— Это какой-то торгашеский подход! — возмутился фон Зальца.
— Именно. Знаете, есть злая поговорка — “Если вы хотите договориться с американцем, договаривайтесь с его кошельком”.
— Но у Испании все равно больше сил, сейчас в колониях свыше 150 тысяч штыков.
— Да, но у них устаревшее оснащение и, что гораздо важнее, крайне уязвимое снабжение, испанский флот слаб, а у американцев много новых современных кораблей. Так что первая часть войны будет морская — блокада, разгром испанского флота и только потом высадка десантов. А помянутые инсургенты будут только рады помочь американцам — впрочем, они и сейчас получают оружие и снаряжение от Америки.

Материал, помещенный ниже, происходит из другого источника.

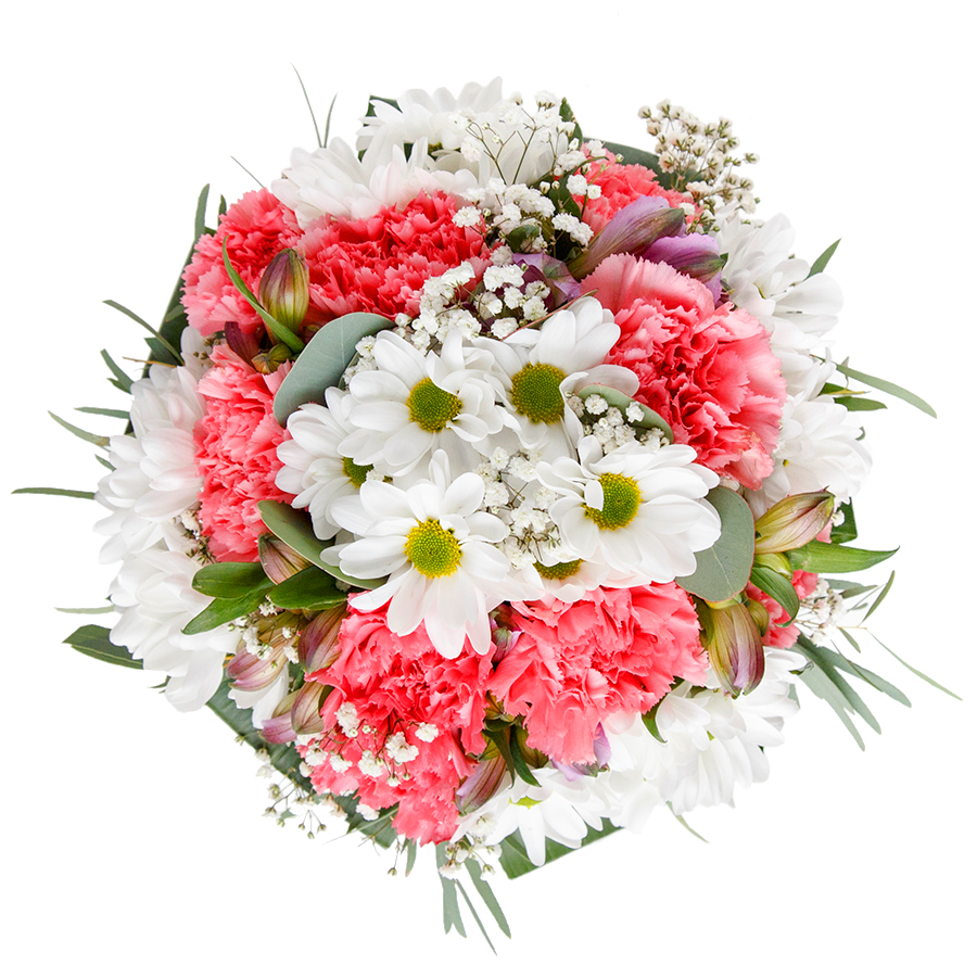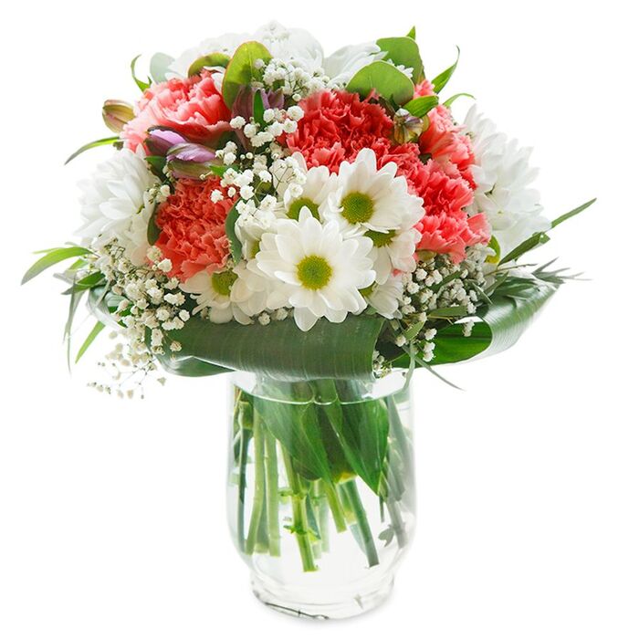 Delight someone special with our beautifully crafted flower arrangement. This unique bouquet features a harmonious blend of snow-white chrysanthemums, delicate gypsophila, soft light pink carnations, and lush aspidistra leaves.
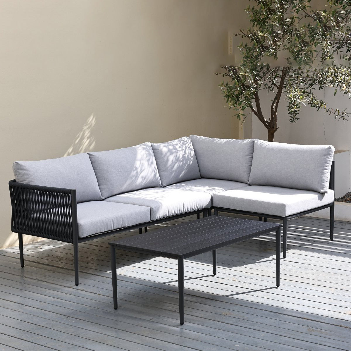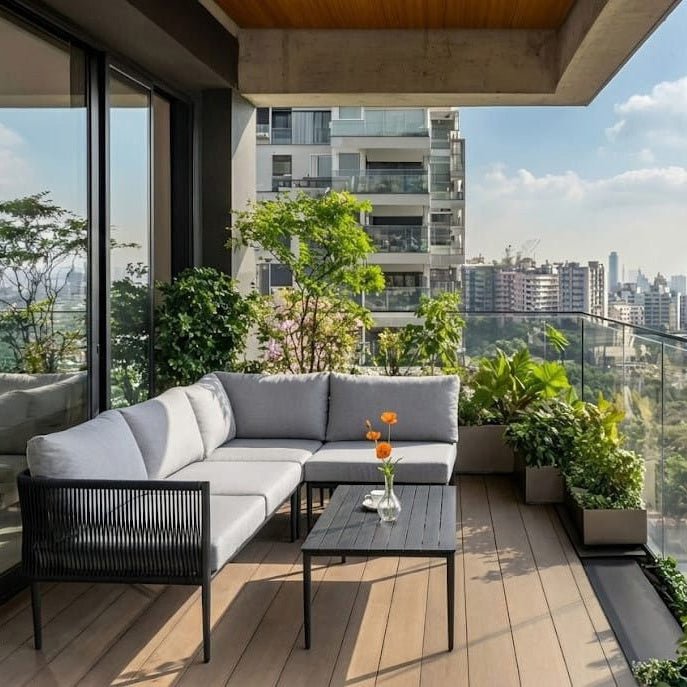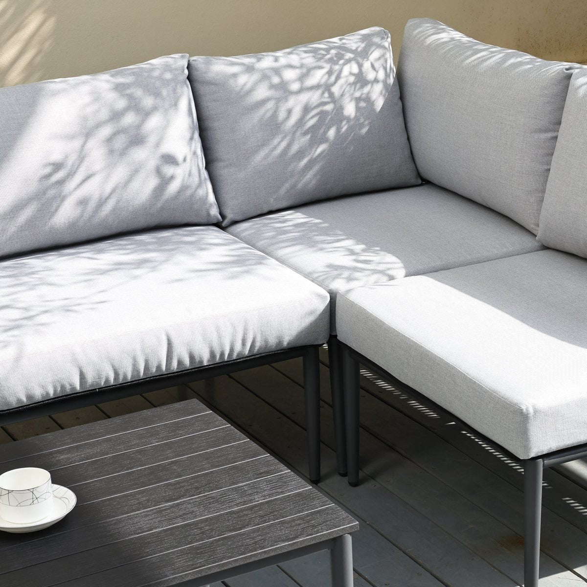 El Seccional Cantaria Derecho optimiza tu terraza con una estética contemporánea que mezcla texturas premium. Su disposición en "L" con el chaise longue al lado derecho (mirando el mueble de frente) es ideal para delimitar espacios y crear un rincón acogedor.

— А как же casus belli? Я уверен, Испания его не даст и это обесценивает все ваши построения!
— Если гора не идет к Магомету… — я сделал легкую паузу, — значит, Америка создаст этот повод. На кону стоят миллионы долларов, американские денежные мешки не замедлят заказать и оплатить любую провокацию.
— Знаете ли, это совсем из ряда вон! — картинно воскликнул фон Зальца.
Честно сказать, я уже сам уже пожалел о том, что влез в спор, но отступать уже было поздно, поэтому пришлось гнуть свою линию до конца.
— Да, таковы реалии, американские миллионеры если не сами разбойники с большой дороги, то сыновья или внуки таковых.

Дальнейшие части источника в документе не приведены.